For the autoimmune component, immunotherapy aims to calm the overactive immune response. Infusions of pooled antibodies from donors (IVIG) have shown benefit in controlled trials, reducing stiffness and improving daily function. Other immune-suppressing approaches are used when IVIG is insufficient or unavailable, though controlled evidence for some of these is limited. Notably, even when immunotherapy improves symptoms, it doesn’t reliably lower the antibody levels themselves, reinforcing the idea that the disease mechanism is more complex than the antibodies alone.
An Experimental Cell Therapy
A newer approach uses engineered immune cells (CAR T-cells) that target and eliminate the B cells responsible for producing the harmful antibodies. In a Phase II clinical trial of 26 patients, this therapy, called miv-cel, produced striking results. Patients’ walking speed improved roughly four months after treatment, and eight of 12 people who had relied on a walking aid were able to stop using it.

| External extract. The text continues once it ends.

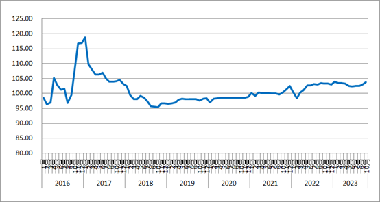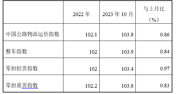 2023年10月份,由中國物流與采購聯(lián)合會和林安物流集團聯(lián)合調(diào)查的中國公路物流運價指數(shù)為103.8點,比上月回升0.86%,比去年同期增長0.49%。從周指數(shù)看,第一、四周運價指數(shù)環(huán)比回落,第二、三周運價指數(shù)環(huán)比回升。

The company developing the treatment plans to request FDA approval in the first half of 2026.
Living With SPS
SPS is a chronic condition, and for most people it progresses slowly over years. Without treatment, stiffness tends to worsen and mobility declines. Some people eventually need a cane, walker, or wheelchair. The unpredictability of spasms often reshapes daily life: people may avoid crowded or noisy environments, limit driving, or become increasingly homebound out of fear of triggering an episode.
With treatment, many people achieve significant symptom control and maintain a meaningful degree of independence, though the disease rarely goes into full remission. Physical therapy plays an important supporting role by maintaining flexibility and preventing the postural changes that chronic stiffness can cause. Mental health support also matters, since the anxiety and social withdrawal that accompany SPS can be as disabling as the physical symptoms themselves.